(LEAD) Military hospital emergency rooms to open to public in case of doctors’ collective action


SEOUL, The military will open its hospital emergency rooms to the public if doctors stage massive collective action against the government’s plan to increase medical school admissions, the defense ministry said Monday.

Earlier in the day, trainee doctors nationwide began submitting their resignations as part of a protest against the government’s decision to add 2,000 slots to the country’s medical school enrollment quota next year from the current 3,058 seats, raising concerns it would cripple hospital operations.

“If the civilian medical sector presses ahead with a strike … our military will open the emergency rooms of 12 military hospitals, including the Armed Forces Capital Hospital, and provide support in emergency patient care,” Jeon Ha-kyou, the ministry’s spokesperson, told a regular briefing.

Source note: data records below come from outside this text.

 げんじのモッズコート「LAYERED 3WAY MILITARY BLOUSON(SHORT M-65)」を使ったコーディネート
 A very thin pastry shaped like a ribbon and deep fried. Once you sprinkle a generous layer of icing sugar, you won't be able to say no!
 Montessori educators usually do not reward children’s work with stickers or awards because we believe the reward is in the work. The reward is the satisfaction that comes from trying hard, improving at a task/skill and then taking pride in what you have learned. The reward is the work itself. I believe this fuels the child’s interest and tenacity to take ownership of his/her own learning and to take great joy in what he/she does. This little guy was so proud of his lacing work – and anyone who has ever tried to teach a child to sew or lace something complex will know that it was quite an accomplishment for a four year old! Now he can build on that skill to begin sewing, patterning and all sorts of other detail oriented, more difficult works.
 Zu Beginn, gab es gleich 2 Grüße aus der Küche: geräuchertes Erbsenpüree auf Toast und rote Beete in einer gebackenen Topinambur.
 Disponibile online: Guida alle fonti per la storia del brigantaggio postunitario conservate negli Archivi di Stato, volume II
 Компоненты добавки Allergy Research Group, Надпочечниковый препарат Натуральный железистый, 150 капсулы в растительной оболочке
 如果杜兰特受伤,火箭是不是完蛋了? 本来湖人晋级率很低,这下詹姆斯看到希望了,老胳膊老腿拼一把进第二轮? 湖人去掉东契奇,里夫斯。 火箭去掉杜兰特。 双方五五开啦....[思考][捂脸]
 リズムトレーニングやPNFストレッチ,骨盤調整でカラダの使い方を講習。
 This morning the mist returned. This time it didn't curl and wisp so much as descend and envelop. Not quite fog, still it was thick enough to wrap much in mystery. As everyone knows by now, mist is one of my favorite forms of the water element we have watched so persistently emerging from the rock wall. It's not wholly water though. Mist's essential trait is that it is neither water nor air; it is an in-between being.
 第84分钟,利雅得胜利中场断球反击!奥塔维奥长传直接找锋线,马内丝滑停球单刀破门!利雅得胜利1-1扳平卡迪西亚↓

Later Monday, Vice Defense Minister Kim Seon-ho visited the Armed Forces Medical Command in Seongnam, just south of Seoul, to check the preparations being made to accommodate civilian patients at the hospit
als across the country.

The ministry said it will consider other support measures, such as providing outpatient care and dispatching medical officers to public hospitals, based on the circumstances.

Doctors and medical students have voiced opposition to the government’s plan, contending that there are already sufficient physicians and that simply increasing the quota of medical students would lead to unnecessary medical care.

The government argues that the country should begin training more new doctors to address the challenges posed by a rapidly aging society, citing examples of other major developed countries facing shortages of physicians.